Robert Corr Breitenstein (May 8, 1943 – March 13, 2023) was a professional American football player in the American Football League (AFL) and National Football League (NFL) for the Denver Broncos, Minnesota Vikings, and Atlanta Falcons. He played college football at the University of Tulsa. He is distinguished as being the first Argentine to play in the NFL.

==Early life==
Breitenstein attended Farmington High School, where he was a teammate of future NFL player Ralph Neely.

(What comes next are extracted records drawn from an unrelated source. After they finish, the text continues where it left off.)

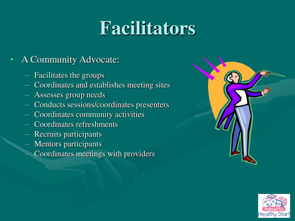 Facilitators • A Community Advocate: • Facilitates the groups • Coordinates and establishes meeting sites • Assesses group needs • Conducts sessions/coordinates presenters • Coordinates community activities • Coordinates refreshments • Recruits participants • Mentors participants • Coordinates meetings with providers
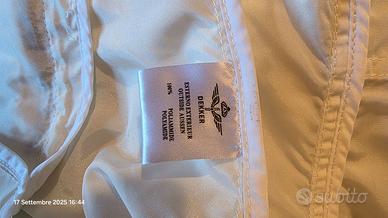 Colore bianco in tessuto poliestere, antivento e antipioggia usato pochissimo in perfette condizioni senza lacerazioni o macchie.
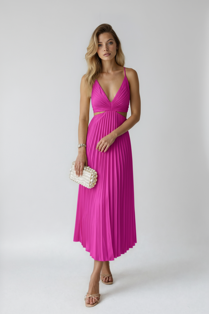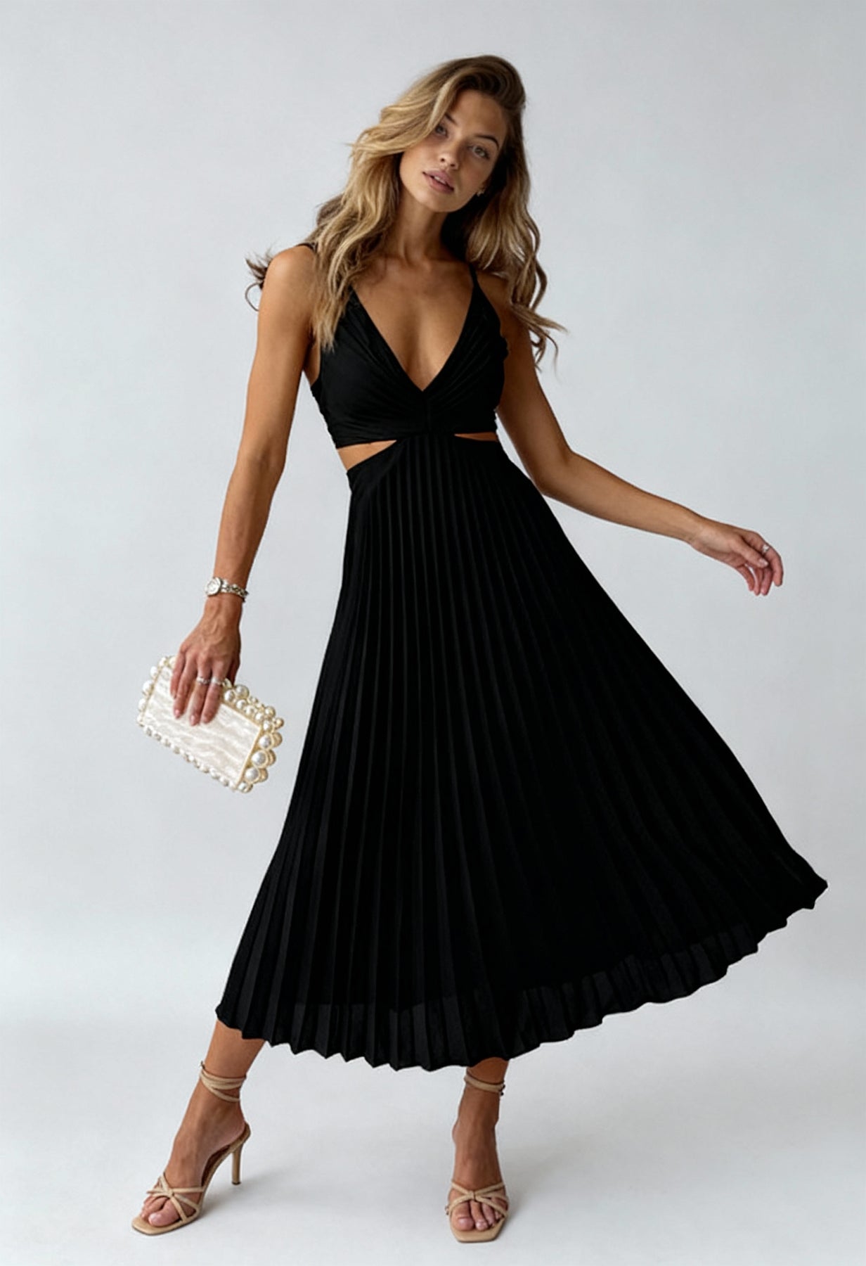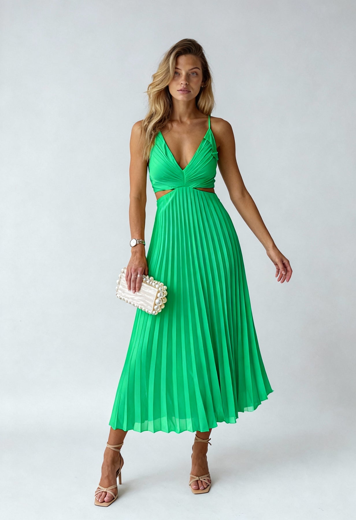 Ta sukienka midi zachwyca plisowanym dołem i dekoltem w kształcie litery V, który podkreśla sylwetkę. Wycięcie w talii dodaje nowoczesnego akcentu, tworząc harmonijny balans między elegancją a świeżością. Idealna na przyjęcia, kolacje lub wyjątkowe okazje, kiedy liczy się styl i pewność siebie.

Breitenstein accepted a football scholarship from the University of Tulsa. He played as an offensive tackle.

As a senior in 1964, he contributed to the team leading the nation in average yards (461.8 yards) and in scoring average per game (38.4 points). He also was a part of the team that defeated Ole Miss, 14–7 in the 1964 Bluebonnet Bowl.

In 1994, he was inducted into the University of Tulsa Athletic Hall of Fame.

==Professional career==
===Denver Broncos===
Breitenstein was selected in the fifth round (33rd overall) of the 1965 AFL draft by the Denver Broncos. He was also selected by the Washington Redskins in the second round (21st overall) of the 1965 NFL draft. He signed with the Broncos, although he later tried to invalidate the contract.

As a rookie, he started in 7 games, while sharing the left tackle position with Lee Bernet. In 1966, he started all 14 games.

On July 1, 1967, he was traded to the Minnesota Vikings in exchange for a fifth round draft choice (#117-Mike Bragg).

===Minnesota Vikings===
On October 5, 1967, he was activated from the taxi squad and played in 11 games. On August 5, 1968, he walked out of training camp in a contract dispute and was placed on the reserve list. On October 19, 1968, he was traded to the Chicago Bears in exchange for a draft pick.

===Chicago Bears===
In 1968, he was declared inactive in 9 games. He was waived on September 16, 1969.

===Atlanta Falcons===
In 1969, he signed with the Atlanta Falcons and played in 10 games. In 1970, after playing in 7 games, he was lost for the year with a knee injury. An automobile accident 9 days before the 1971 training camp complicated the injury and he was not able to recover. He was released on August 23.

==Personal life==
After football, he owned and operated an insurance agency. He was a vice president of the National Football League Players Association for the state of Oklahoma. He appeared in the movie Brian's Song, when the director used actual footage, showing him helping cart running back Gale Sayers off on a stretcher.

Breitenstein died on March 13, 2023, at the age of 79.